Mas havia mais do que estrelas de cinema. Políticos estrangeiros, industriais e membros da aristocracia europeia partilhavam a mesma pista de dança, num retrato perfeito da elite global que encontrava em Portugal algo raro, uma combinação de discrição, beleza natural e um certo exotismo seguro. Para muitos desses convidados, Cascais era ainda uma novidade, um segredo revelado apenas a quem pertencia ao restrito círculo de convites.
Enquanto os jardins da Quinta Patiño se enchiam de música, gargalhadas e champanhe, Lisboa vivia dias de incerteza. António de Oliveira Salazar, após a queda que o incapacitaria, era operado de urgência na Cruz Vermelha. Os jornais, controlados pela censura, limitavam-se a comunicados vagos, enquanto no estrangeiro a imprensa preferia destacar o esplendor das festas. Criava-se assim uma imagem quase surreal de um país dividido entre o silêncio político e a exuberância mundana.

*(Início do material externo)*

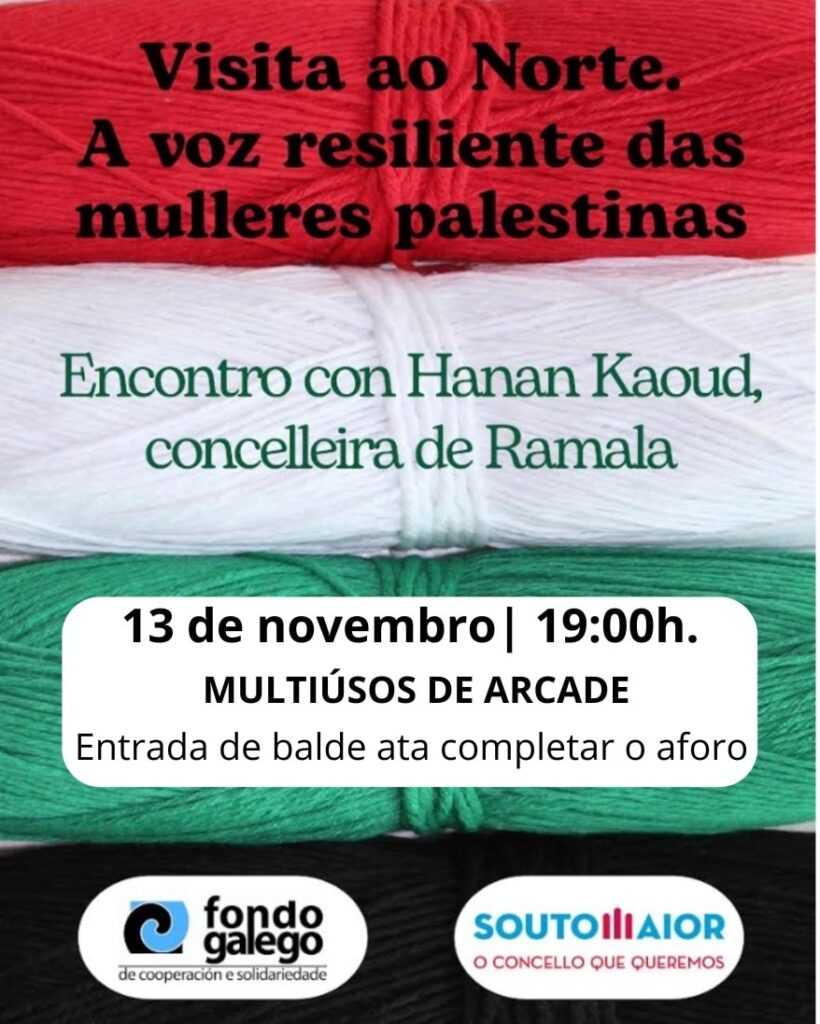 Baixo o título “A voz resiliente das mulleres palestinas” o evento busca visibilizar a grave situación que atravesa Palestina, denunciar a ocupación e as violacións de dereitos humanos, promover a solidariedade internacional e reforzar o compromiso dos concellos galegos cunha paz duradeira, apoiando a axuda humanitaria e combatendo a desinformación sobre o conflito.
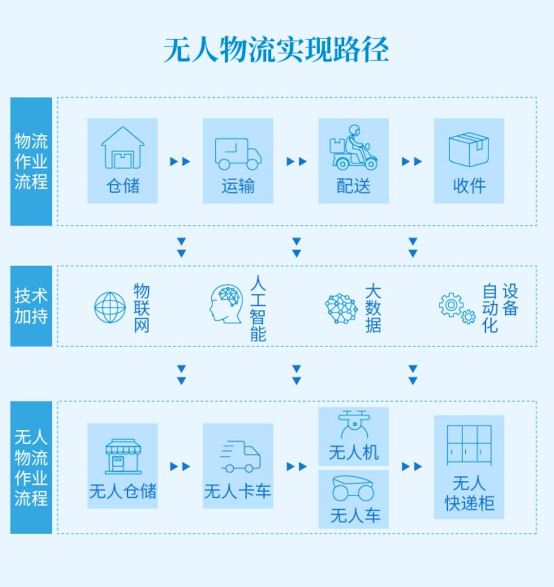 简单来说,无人物流就是快递全程无人运送,整个物流的实现路径大家可以来看下图。

Estas noites de luxo e cosmopolitismo não foram um episódio isolado. Desde os anos 40 que a região do Estoril era conhecida como Costa dos Reis, refúgio de monarcas destronados e nobres sem trono. O rei Humberto II de Itália, o conde de Barcelona, o rei Carol da Roménia ou o duque de Windsor já tinham feito da linha de Cascais o seu porto discreto. As festas de 1968, porém, elevaram essa tradição a outro patamar, colocando Portugal nas páginas das revistas internacionais como destino inesperadamente chique.
Muitos dos convidados regressariam nos anos seguintes, atraídos pela beleza e pela segurança do lugar. O próprio nome Quinta Patiño tornou-se lendário, sinónimo de exclusividade. A memória dessas noites continuou a alimentar a reputação de Cascais como enclave de luxo, hoje visível na sua ligação a grandes eventos internacionais. Foi o instante em que dois mundos se cruzaram, o Portugal fechado do Estado Novo e o universo cintilante das elites globais. Por algumas noites, o país mostrou uma face inesperada ao mundo e Cascais brilhou com tal intensidade que fez parecer, a quem lá esteve, que até Hollywood tinha ficado pequena.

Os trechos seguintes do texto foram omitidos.